-- Opening Marker --

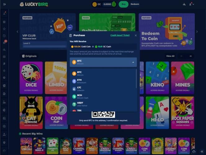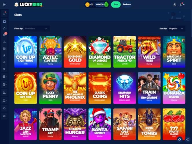 Uma possível razão para a seleção relativamente pequena de fornecedores de software da LuckyBird é que a marca desenvolve diversas versões originais de jogos que não podem ser jogadas em nenhum outro lugar. Isso inclui vários títulos instantâneos como Dice, Crash, Limbo, Plinko, Tower, Mines, CoinFlip, etc.
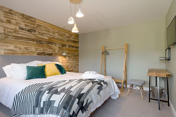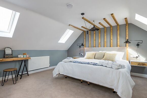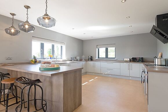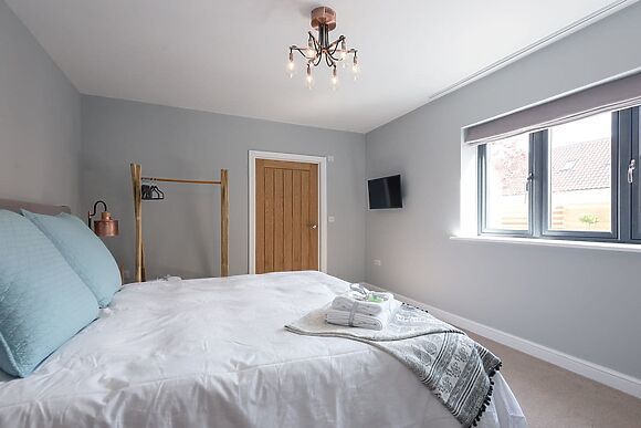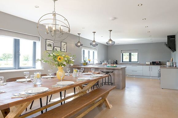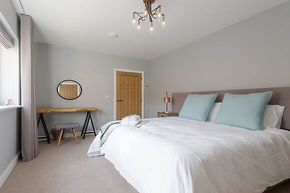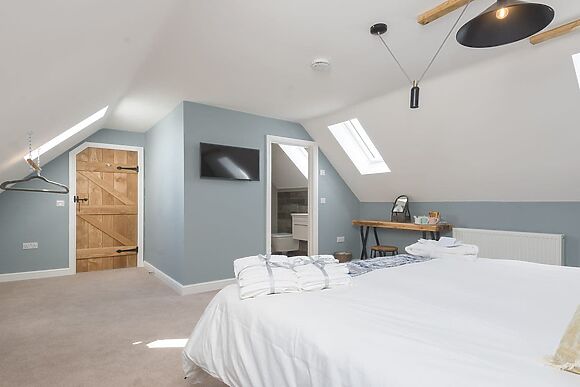 The barn has five bedrooms all with en-suite bathrooms. Ground floor: Bedroom 1 and Bedroom 2 are both kingsize with wet room en-suites. First floor: Bedroom 3 is kingsize with cubicle shower.
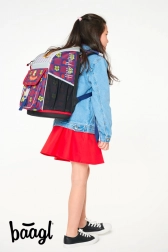 Het nieuwe klapsysteem maakt snelle toegang tot schoolspullen mogelijk, direct vanaf de schoolbank. Binnenin vind je een organizer voor gelijkmatige gewichtsverdeling, een elastiek voor fixatie en een transparant vak voor het lesrooster.
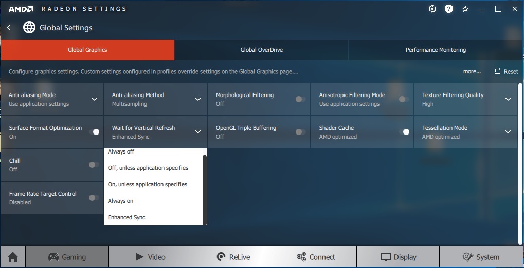 For AMD, its called “Enhanced Sync”. Its an improvedment over conventional V-sync, for regular montors. And still nets a significant drop in latency. And “Enhanced Sync” is not only for the newest cards. Here is a screenshot of my driver options, for a 7 year old Radeon HD7870:
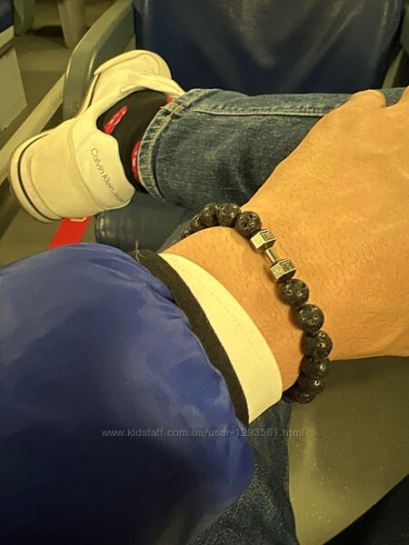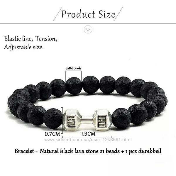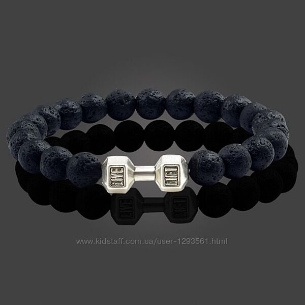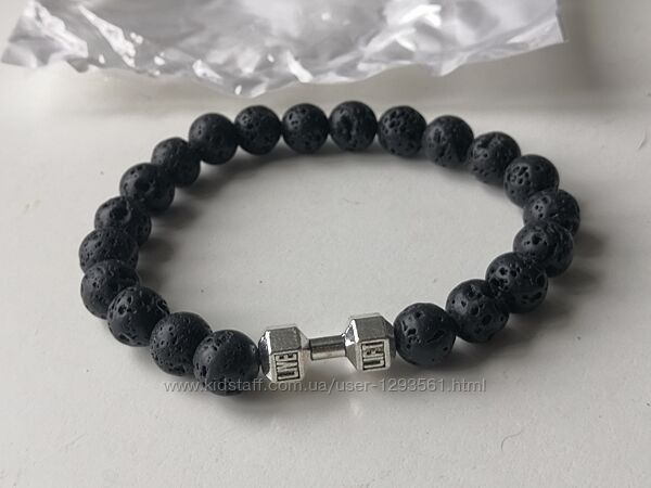 Черный браслет из натурального камня мужской женский вулканическая лава

-- Closing Marker --

* _AIM OF THE TASK_
The entries are to be restated word for word, with pictures omitted.

* _OUTPUT_
 Uma possível razão para a seleção relativamente pequena de fornecedores de software da LuckyBird é que a marca desenvolve diversas versões originais de jogos que não podem ser jogadas em nenhum outro lugar. Isso inclui vários títulos instantâneos como Dice, Crash, Limbo, Plinko, Tower, Mines, CoinFlip, etc.
 The barn has five bedrooms all with en-suite bathrooms. Ground floor: Bedroom 1 and Bedroom 2 are both kingsize with wet room en-suites. First floor: Bedroom 3 is kingsize with cubicle shower.
 Het nieuwe klapsysteem maakt snelle toegang tot schoolspullen mogelijk, direct vanaf de schoolbank. Binnenin vind je een organizer voor gelijkmatige gewichtsverdeling, een elastiek voor fixatie en een transparant vak voor het lesrooster.
 For AMD, its called “Enhanced Sync”. Its an improvedment over conventional V-sync, for regular montors. And still nets a significant drop in latency. And “Enhanced Sync” is not only for the newest cards. Here is a screenshot of my driver options, for a 7 year old Radeon HD7870:
 Черный браслет из натурального камня мужской женский вулканическая лава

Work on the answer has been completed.